• Collected data:
-- Opening Marker --
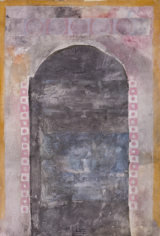 PIERO MOSTI (1941)Muro e portone, 1998Affresco su tavolacm 61x41,5x2Firma al...
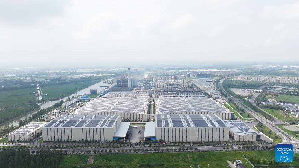 This undated file photo shows a view of Shenghong new material industrial park where Ruibang Technology Co., Ltd. is located in Siyang County of Suqian, east China's Jiangsu Province. Ruibang is a world-leading manufacturer of recycled polyester filaments and is active in implementing zero-carbon actions in the industry.
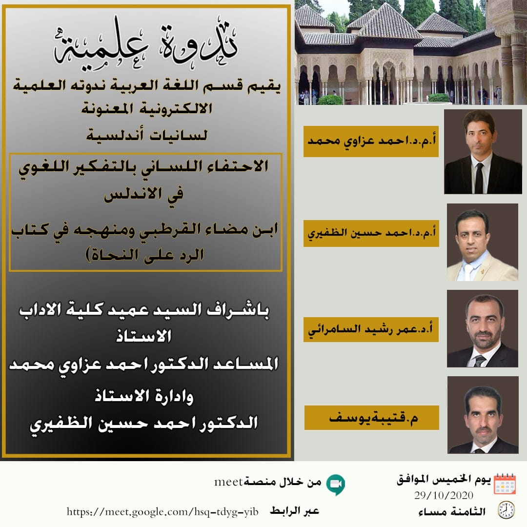 اليوم الخميس الموافق 2020/8/27 الساعة التاسعة مساءً عبر تطبيق Zoom رمز الدخول 76054277484
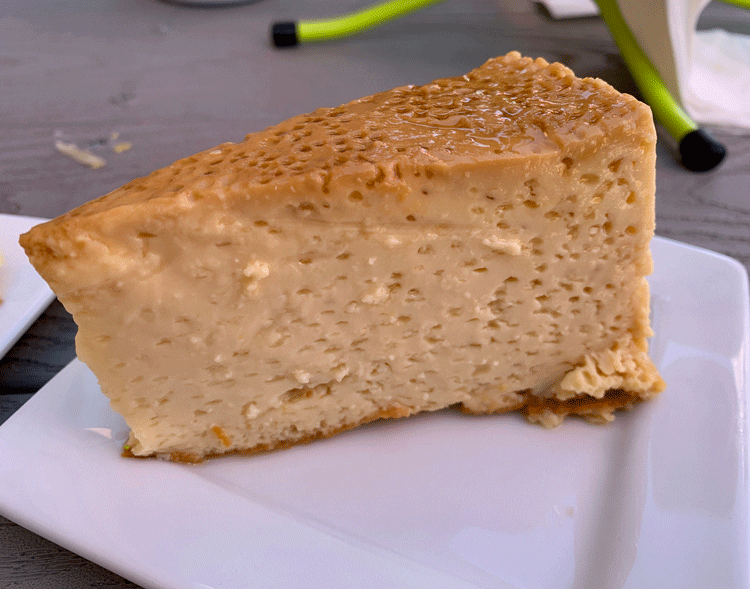 19 October 2019: Neither my Kim nor I are quite as fond of flan as we are of pastel tres leches. That doesn’t mean we don’t like it, but that given our druthers, we’d rather have pastel tres leches any time. Guaca Guaca’s flan is smooth and jiggly with a lightly caramelized topping. It’s also not overly sweet. We were hoping it would be topped with a creamy caramel sauce so we could say we had caramelo two ways–as a dessert and as a savory entree.
-- Closing Marker --
Retype, word for word, the line containing "اليوم الخميس الموافق" and each line after it through the end of the data, leaving any picture out.

• Task result:
 اليوم الخميس الموافق 2020/8/27 الساعة التاسعة مساءً عبر تطبيق Zoom رمز الدخول 76054277484
 19 October 2019: Neither my Kim nor I are quite as fond of flan as we are of pastel tres leches. That doesn’t mean we don’t like it, but that given our druthers, we’d rather have pastel tres leches any time. Guaca Guaca’s flan is smooth and jiggly with a lightly caramelized topping. It’s also not overly sweet. We were hoping it would be topped with a creamy caramel sauce so we could say we had caramelo two ways–as a dessert and as a savory entree.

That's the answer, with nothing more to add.